2.3. Establishment of IDD Model and Evaluation of MR
Preoperatively, rabbits were accepted intraperitoneal injection with 10% chloral hydrate. The height of the intervertebral disc was measured by magnetic resonance (MR) as the base line prior to puncture. Then, we used a sterile towel to remove the fur, disinfect the skin, and cover the rabbit. The IDD model of rabbits was established by repeatedly puncture the annulus fibrosus of the intervertebral using the puncture needle (22G) under CT. Ct-guided disc puncture did not require an incision into the rabbit’s posterior back, reducing bleeding and infection. The nucleus pulposus and annulus fibrosus of the intervertebral disc were broken by puncture needle (22G) and negative pressure suction (the empty needle piston scale ranged from 0 ml to 2 ml for 15 seconds) can destroy the nucleus pulposus and induce degeneration model. To confirm the IDD model and evaluate the effect of biology therapy, we used MR to scan the target disc until 4 weeks after the first experiment and injection of biological agents, respectively.

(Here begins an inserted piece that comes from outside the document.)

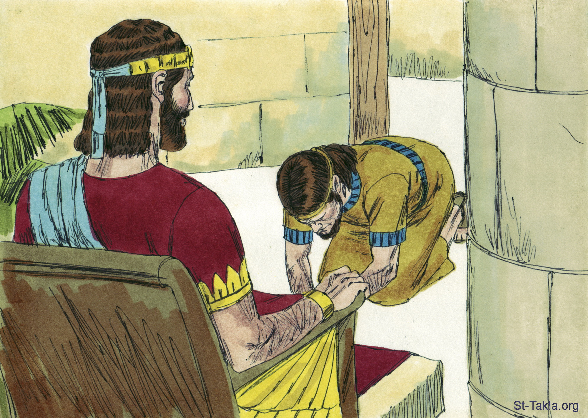 أدونيا: "فأرسل الملك سليمان فأنزلوه عن المذبح، فأتى وسجد للملك سليمان. فقال له سليمان: «اذهب إلى بيتك»" (الملوك الأول 1: 53) - مجموعة "مسح سليمان ملكًا" (ملوك الأول 1 - ملوك الأول 2) - صورة (12) - صور سفر الملوك الأول، رسم جيمز بادجيت (1931-2009)، إصدار شركة سويت ميديا.

MRI was performed using a 1.5 T imager unit. Following general anesthesia with chloral hydrate, the rabbits were placed in a prone position for MRI scan. The signal intensity of the discs was evaluated by using T2-weighted images. IDD grade was evaluated using the modified Thompson classification of Grade I–IV. Two doctors evaluated the images separately. The parameters of the T2-weighted images wereas follows: time-to-repeat = 1,800 ms; field of view = 140 × 140 mm; time-to-echo = 70 ms; slice thickness = 2 mm; image matrix = 286 × 385; averages = 9. All the MRI signal scores were detected by the software of Image J.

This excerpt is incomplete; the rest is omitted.